Below are records; print only the lines from the line containing "Vitrinskåp av stål" to the end, both included, reproduced exactly and without the pictures.

(Extracted data entries)
= = = =

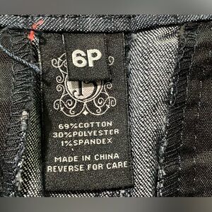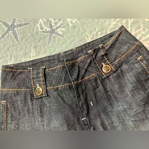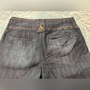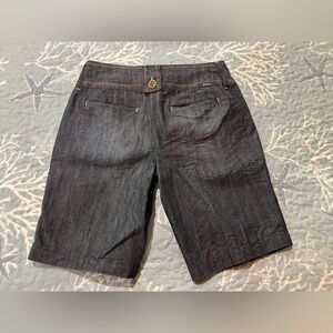 Beau Dawson woman size 6P shorts, waist measures 14”, inseam 10”, length 18”, color is dark blue denim with dark gold trim, front & back pockets, waist bank belt loops, fabric is 69% cotton, 30% polyester & 1% spandex, very good condition g
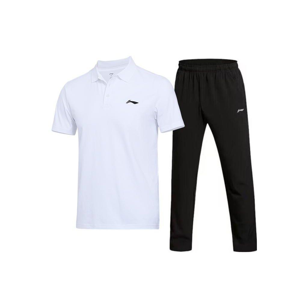 Li-Ning Plain Logo Pullover Short Sleeve Polo Shirt And Cuffed Casual Sports Suit Men Suits AKLT647-1+APLT181-2
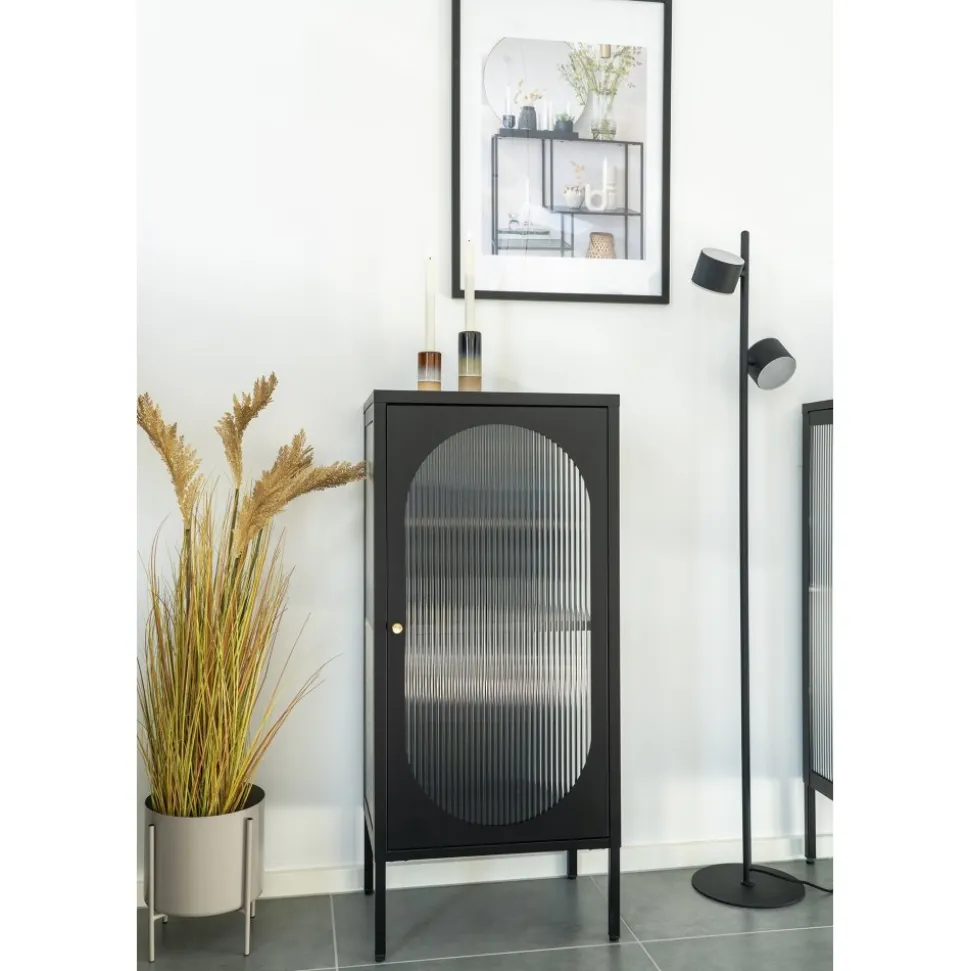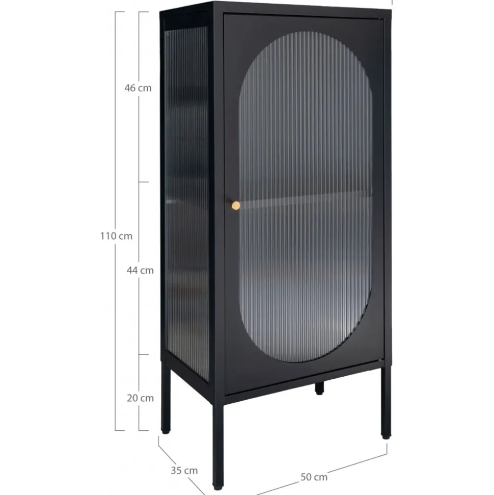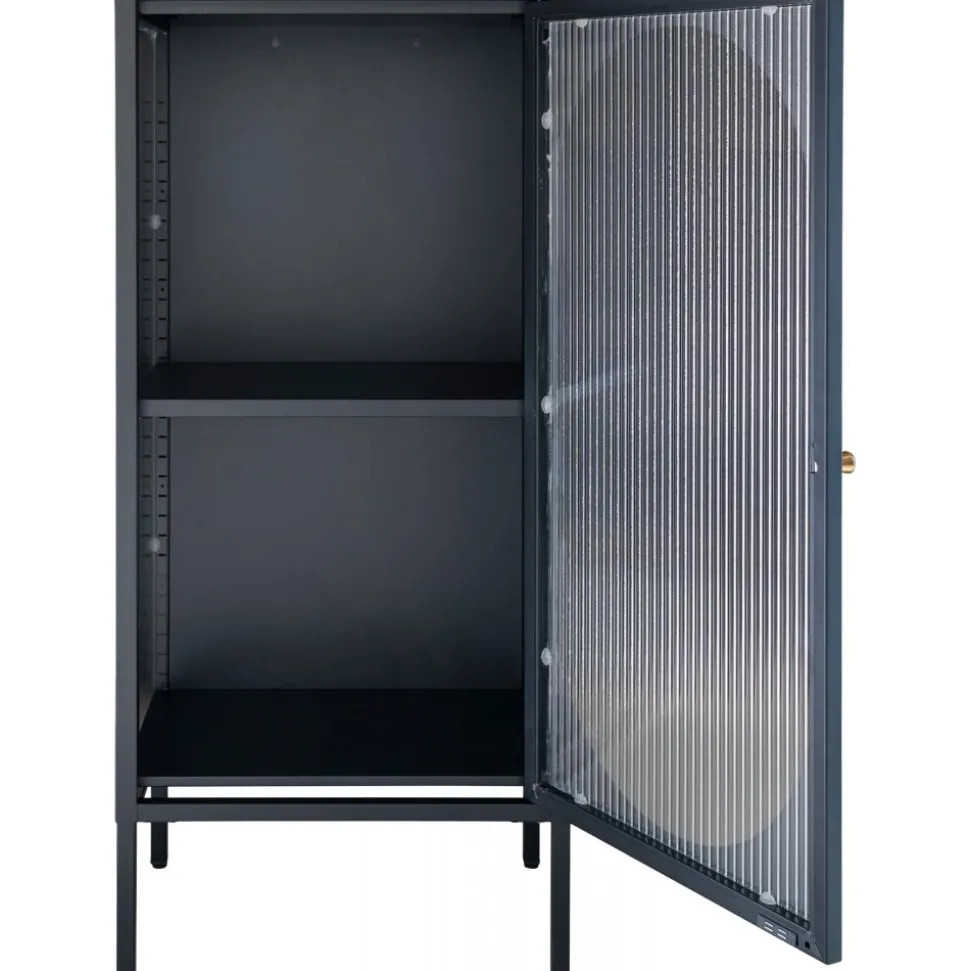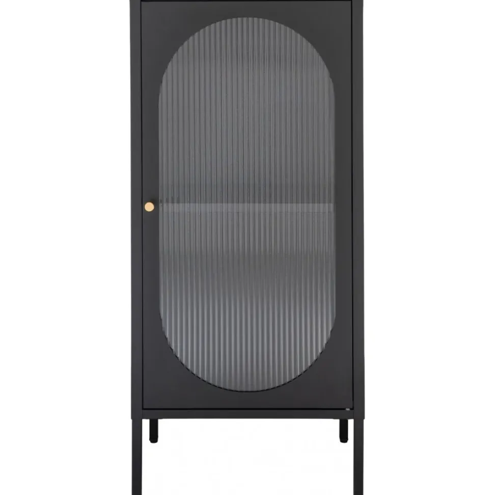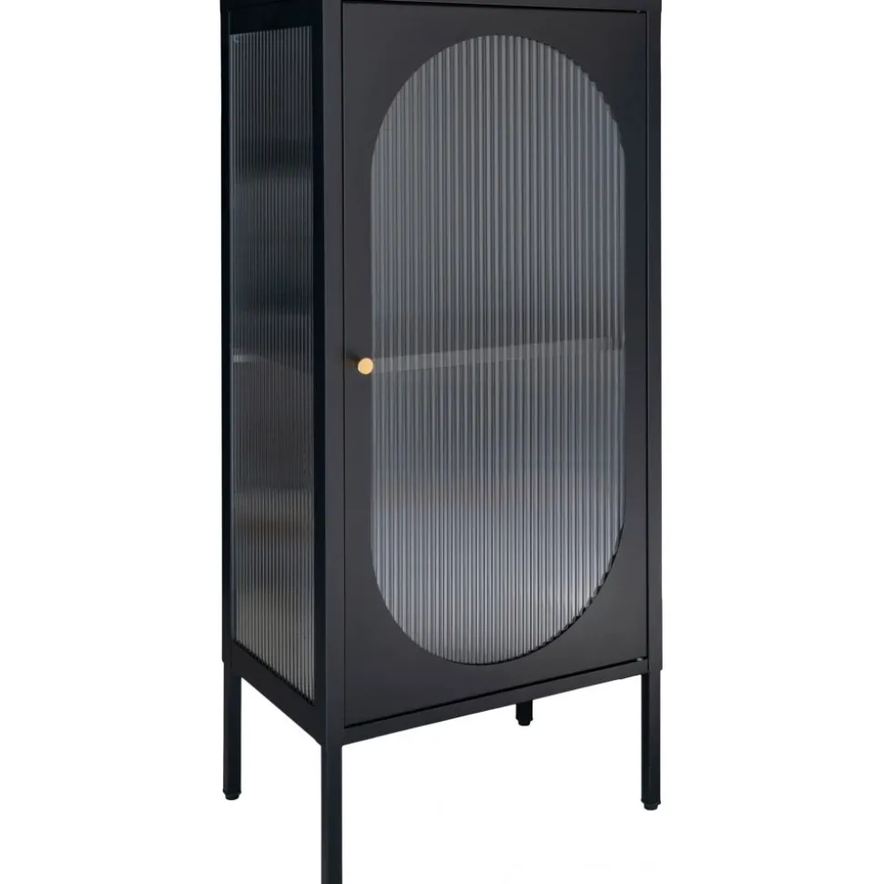 Vitrinskåp av stål och glas. Viss montering krävs.
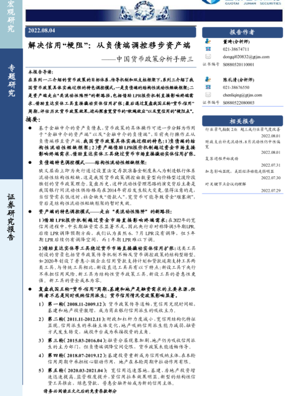 【国泰君安证券】【20220804】中国货币政策分析手册三:解决信用“梗阻”,从负债端调控移步资产端-29页 宏观策略
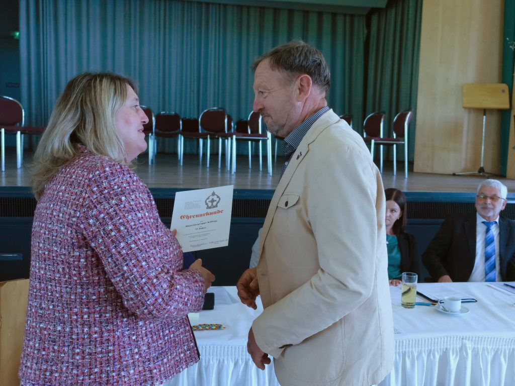 Nach einem Gebet von Pfarrer Stefan Maier stieg der Wallfahrtsausschuss in die Tagesordnung ein, nämlich mit den Ehrungen für langjährige Blutreiter und Musiker. Für die Musiker gab es eine Neuerung: Diese bekommen nun ebenfalls ab einer gewissen Jahreszahl eine Medaille und eine Anstecknadel statt wie bisher eine Urkunde.

= = = =

Solution to the exercise ▸
 Vitrinskåp av stål och glas. Viss montering krävs.
 【国泰君安证券】【20220804】中国货币政策分析手册三:解决信用“梗阻”,从负债端调控移步资产端-29页 宏观策略
 Nach einem Gebet von Pfarrer Stefan Maier stieg der Wallfahrtsausschuss in die Tagesordnung ein, nämlich mit den Ehrungen für langjährige Blutreiter und Musiker. Für die Musiker gab es eine Neuerung: Diese bekommen nun ebenfalls ab einer gewissen Jahreszahl eine Medaille und eine Anstecknadel statt wie bisher eine Urkunde.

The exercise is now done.